Input:
┄┄┄┄┄┄┄┄┄┄┄┄┄┄┄┄┄┄┄┄

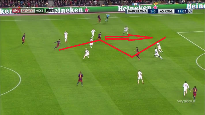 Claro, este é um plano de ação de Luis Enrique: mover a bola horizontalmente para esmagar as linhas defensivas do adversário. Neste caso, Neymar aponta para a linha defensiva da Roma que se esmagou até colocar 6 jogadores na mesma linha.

┄┄┄┄┄┄┄┄┄┄┄┄┄┄┄┄┄┄┄┄

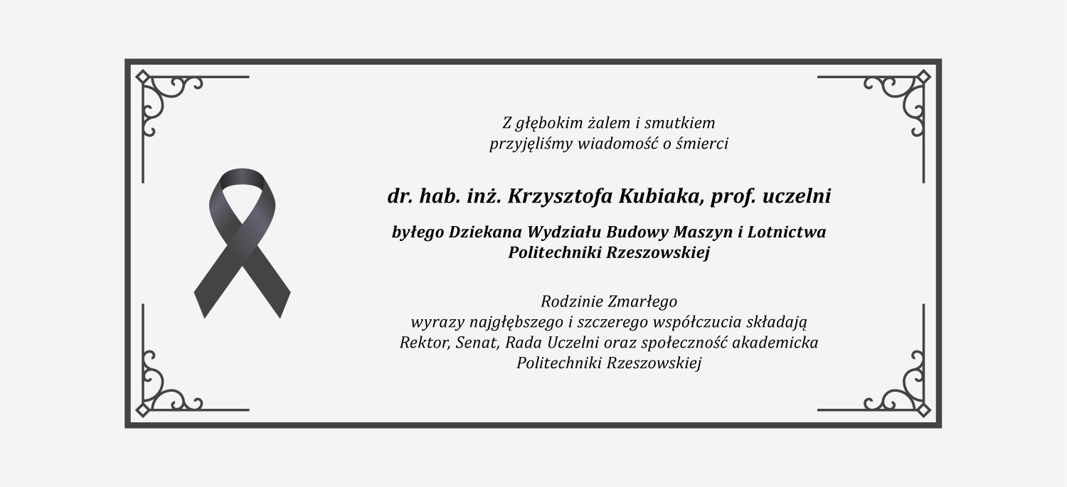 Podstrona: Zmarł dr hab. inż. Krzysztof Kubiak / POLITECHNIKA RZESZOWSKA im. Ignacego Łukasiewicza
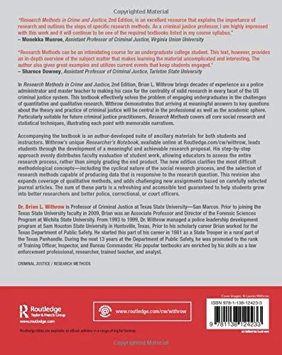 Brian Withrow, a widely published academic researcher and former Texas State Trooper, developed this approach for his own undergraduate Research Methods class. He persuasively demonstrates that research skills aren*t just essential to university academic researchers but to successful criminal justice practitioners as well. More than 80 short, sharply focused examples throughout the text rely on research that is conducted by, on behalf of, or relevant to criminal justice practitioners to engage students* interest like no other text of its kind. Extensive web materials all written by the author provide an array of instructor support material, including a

┄┄┄┄┄┄┄┄┄┄┄┄┄┄┄┄┄┄┄┄

Starting at the line above with "Podstrona: Zmarł dr", output every line exactly up to and including the line with "Brian Withrow, a", but none of the pictures.

 Podstrona: Zmarł dr hab. inż. Krzysztof Kubiak / POLITECHNIKA RZESZOWSKA im. Ignacego Łukasiewicza
 Brian Withrow, a widely published academic researcher and former Texas State Trooper, developed this approach for his own undergraduate Research Methods class. He persuasively demonstrates that research skills aren*t just essential to university academic researchers but to successful criminal justice practitioners as well. More than 80 short, sharply focused examples throughout the text rely on research that is conducted by, on behalf of, or relevant to criminal justice practitioners to engage students* interest like no other text of its kind. Extensive web materials all written by the author provide an array of instructor support material, including a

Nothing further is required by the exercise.